L = the length of the band at any given time.
B = the length of the band behind the bug (Before)
A = the length of the band in front of the bug (After)
As L increases towards infinity, A+B also proportionaly increases to infinity.
If the bug was standing still, the the ratio between A and B would always be the same. The bug would get further from the wall because the band is being stretched.
But, the bug is moving too, which increases A and decreases B, so the bug is making headway relitive to the ratio between A and B..
so eventually, he'll reach his goal. We can't tell exactly how long it will take w/o knowing the exact position of the bug when evertying started. We only know it was near the wall.

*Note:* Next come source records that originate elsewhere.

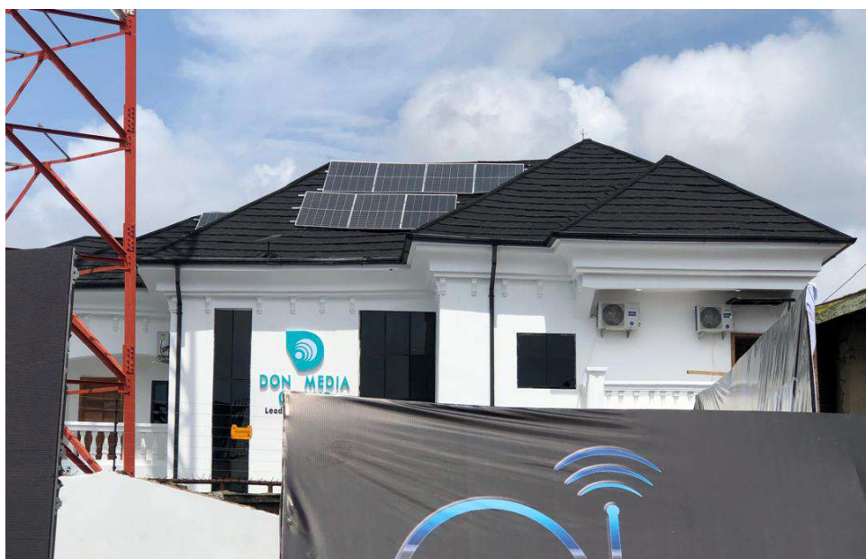
Radio Stations, Don FM, Ikoru FM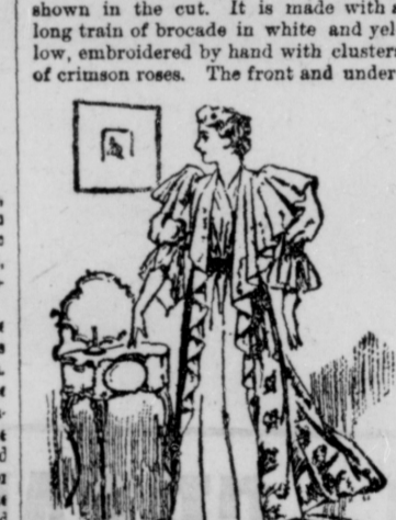
A THING OF LACE AND BROCADE.

Princess Marie's Tea Gown. One of the prettiest tea gowns of Princess Marie of Edinburgh's trousseau is shown in the cut. It is made with a long train of brocade in white and yellow, embroidered by hand with clusters of crimson roses. The front and under-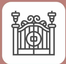
Entrance Gate with Security Cabin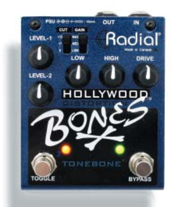
Hollywood Bones order # R800 7100

For maximum on-stage efficiency, the Hollywood is configured for clean, rhythm & lead playability. In bypass mode, you get the natural clean sound of your guitar. When the Hollywood is activated, you can choose between two output drive circuits using the toggle footswitch. Each is equipped with a variable level control so that LEVEL-1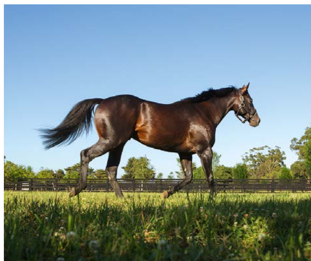
Kuroshio (Exceed And Excel) returns to the northern hemisphere to stand for Compas Stallions after the success of his first crop.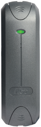
Product Code ACTpro MF 1030e Mullion Proximity Reader

1030e, 1030PM, 1040e, 1050e & USB Reader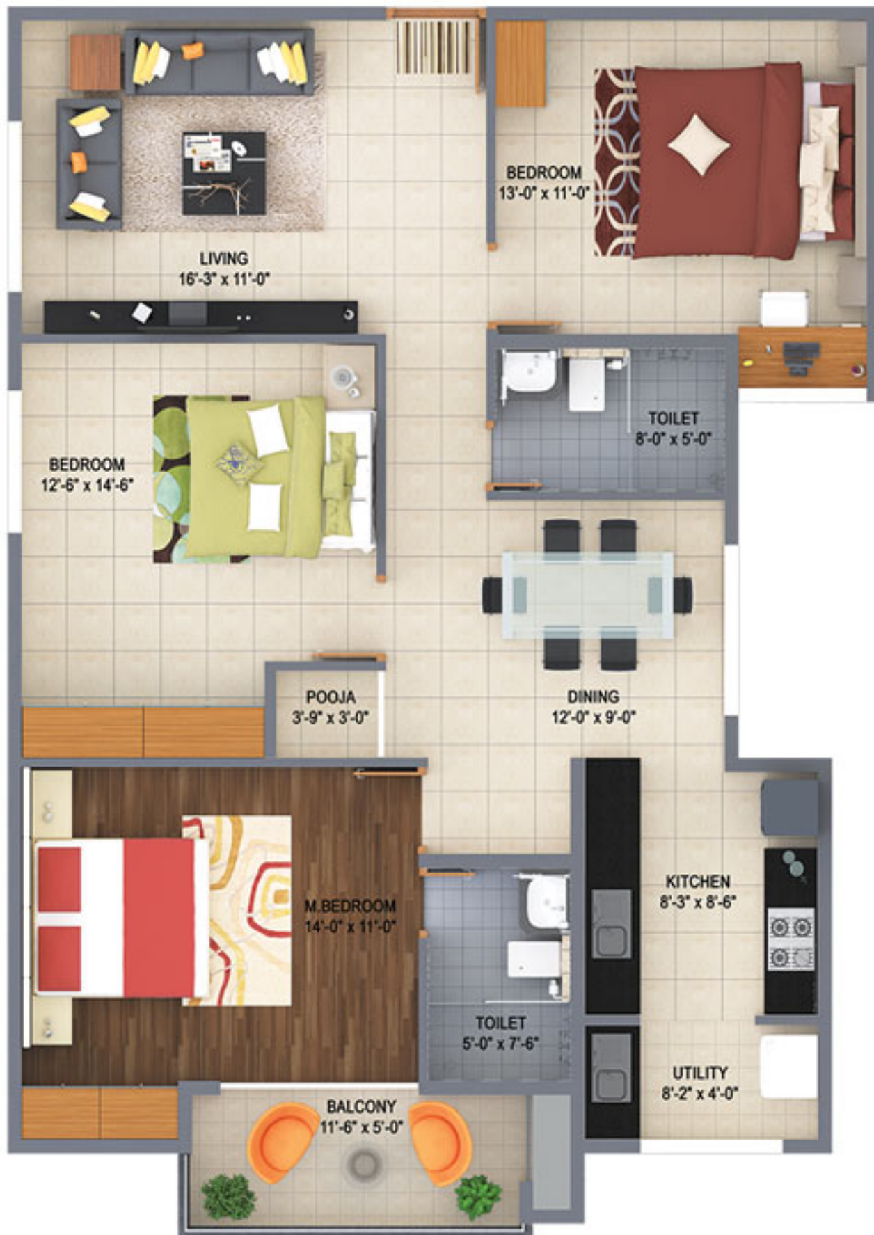
FLAT-6 FLOOR PLAN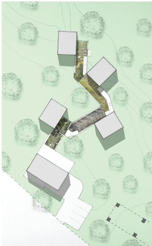
Site plan of La Reunion with "sprawling" character of buildings.

From a typology standpoint, this project is a kind of hybrid. Each unit is imagined as a combination of two modules, a living unit and a studio unit. The combination live/work unit is part housing, and part artist studio. The idea of a live/work unit is not any sort of a new idea and the idea of one placed in nature also has its precedents. The Schindler House in Southern California is a classic modern example of a housing-type modified to contain a working studio. The Schindler House was built so that the studio and living spaces include large windows that open out onto the beautiful southern

if all of the parts of the rubber band are increasingy its length which is very important because u can also pull it by holding the beggining and then the first 1m doenst really move then:
t=1m/0.001cm/s=100000s
if thats not the case then the first has to travel to the 1m from the begining and then move together with the rubber.then:
t1=1m/0.001cm/s=100000s
s=100000s*1m/s=100000m and
t2=s/0.001cm/s=100000000s and just t=t1+t2
Euclid's Brother. Lucky you having Euclid as a brother. That was a beautiful argument, very clearly expressed.
Thank you for confirming my intuition so quickly because now I can already deal with one of my self appointed prosecutors/persecutors at one level:
So Anonymous 11:21, did you understand EB's argument? Either way it is evident that you're not the super duper brain that you thought you were. You got that emphatically wrong AS WELL.
OK my system's cleared (for now). BTW I will try to avoid responding to the trolls as it isn't what this site is for.
Hey! Please quit making this web site a place to grip, complain, and try to demean anyone.
We need thoughtful comments, but non-thoughtful comments should be lighthearted. if you can't add thought, just add comedy.
The rubber band has to break sometimes... when it does, does the bug fly forward, backward, or just fall down?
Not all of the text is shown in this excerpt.